Minimum degree of polynomial time NP complete problem algorithm

[Sandor]

So no one is quite sure that P != NP, although they tend to favor that relation. But I was curious, has anyone proved a minimum degree order to any algorithm that solves NP complete problems in polynomial time? In other words, they don't know if it can be done in polynomial time, but do they know that it cannot be done in, say, quadratic time, and requires at least cubic time, or in cubic time and requires at least quartic time, or maybe they know that it is at least of order n^6? Maybe something kookier like n^3*(ln(n))^3?

 

[fresh_42]

So no one is quite sure that P != NP, although they tend to favor that relation. But I was curious, has anyone proved a minimum degree order to any algorithm that solves NP complete problems in polynomial time?
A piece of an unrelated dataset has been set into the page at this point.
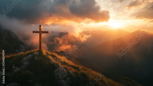 Sunset over mountain with cross: dramatic sky and tranquil landscape.

It is generally harder to prove lower bounds, as one has to prove that something is impossible, rather than showing a smart algorithm. However, polynomial lower bounds are trivial. Every input character is needed in at least one calculation step, or otherwise is not necessary. This means we have at least $O(n)$ calculations.

In other words, they don't know if it can be done in polynomial time, but do they know that it cannot be done in, say, quadratic time, and requires at least cubic time, or in cubic time and requires at least quartic time, or maybe they know that it is at least of order n^6? Maybe something kookier like n^3*(ln(n))^3?

Depends on the problem. We have a trivial lower bound $O(n)$ and usually an exponential upper bound for NP problems, also trivial, as we simply can check all (exponentially many) possible answers.